Hermanto v. Ashcroft

MEMORANDUM **

Sofjanarti Hermanto, a native and citizen of Indonesia, petitions for review of the Board of Immigration Appeals’ (“BIA”) decision affirming the Immigration Judge’s denial of her application for asylum and withholding of removal, and request for relief under the Convention Against Torture (“CAT”). We have jurisdiction under 8 U.S.C. § 1252. We review for substantial evidence, Lata v. INS, 204 F.3d 1241, 1245 (9th Cir.2000), and reverse only if the evidence compels a contrary conclusion, INS v. Elias-Zacarias, 502 U.S. 478, 483-84, 112 S.Ct. 812, 117 L.Ed.2d 38 (1992). We deny the petition for review.

Even assuming Hermanto testified credibly, substantial evidence supports the BIA’s and IJ’s determination that she has not experienced persecution in Indonesia. Hermanto testified that she was not harmed at any time during any of the events she described, and was not present or protected by police during some of the events. See Prasad v. INS, 47 F.3d 336, 339-40 (9th Cir.1995) (finding no persecution or well-founded fear of persecution where applicant was stopped at roadblock, arrested, detained four to six hours, hit in stomach, kicked, and opposing ethnic group pelted house with stones and attempted to steal property); Nagoulko v. *123INS, 333 F.3d 1012, 1016-18 (9th Cir.2003) (holding that being teased, bothered, discriminated against, harassed, and fired from job because of religious beliefs did not rise to level of persecution); Fisher v. INS, 79 F.3d 955, 962 (9th Cir.1996) (en banc) (noting that persecution “does not include mere discrimination, as offensive as it may be.”). Moreover, there is an insufficient showing that the two robberies Hermanto describes were not merely the result of criminal activity. See Bolshakov v. INS, 133 F.3d 1279, 1281 (9th Cir.1998).

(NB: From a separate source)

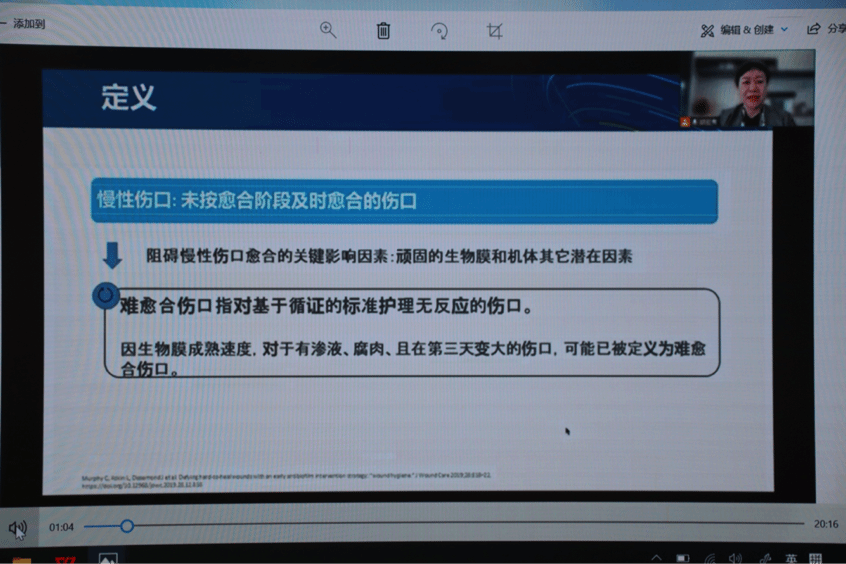 浙江大学医肉漫屋 附属邵逸夫医院造口伤口专科护士长胡宏鸯通过线上视频做题为 《难愈合伤口生物膜干预策略:伤口卫生》的专题讲座。她对细菌生物膜定义的阐述让大家对难愈合伤口护理有了新的认识,意识到有规律、经常性进行伤口卫生是十分重要的,伤口卫生是伤口护理的基础,生物膜管理要与疾病管理同步进行,实施伤口卫生步骤所需的技能、材料和时间性价比高,可促进有效伤口愈合,降低社会医疗负担,减轻患者社会心理影响。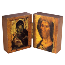 Складень двойной дорожный с иконами Спасителя и Владимирской Божией Матери (4 х 5,2 см, дерево)

Substantial evidence also supports the BIA’s and IJ’s conclusion that Hermanto does not have a well-founded fear of persecution. See Rostomian v. INS, 210 F.3d 1088, 1089 (9th Cir.2000) (denying asylum because general civil strife was insufficient to establish well-founded fear of persecution); Singh v. INS, 134 F.3d 962, 967 (9th Cir.1998) (mistreatment must be “substantially more grievous in kind or degree than the general manifestation of hostility between competing ethnic and religious groups”).

We decline to address Hermanto’s claim that she established a pattern and practice of persecution because she did not exhaust this claim before the IJ or the BIA. See Ndom v. Ashcroft, 384 F.3d 743, 756 n. 8 (9th Cir.2004).

Because Hermanto failed to establish eligibility for asylum, she necessarily failed to meet the more stringent standard for withholding of removal. See Fisher, 79 F.3d at 960-61. Hermanto’s CAT claim fails because she did not demonstrate that it was more likely than not that she would be tortured if she returned to Indonesia. See Zheng v. Ashcroft, 332 F.3d 1186, 1194 (9th Cir.2003).

PETITION FOR REVIEW DENIED.

This disposition is not appropriate for publication and may not be cited to or by the courts of this circuit except as provided by Ninth Circuit Rule 36-3.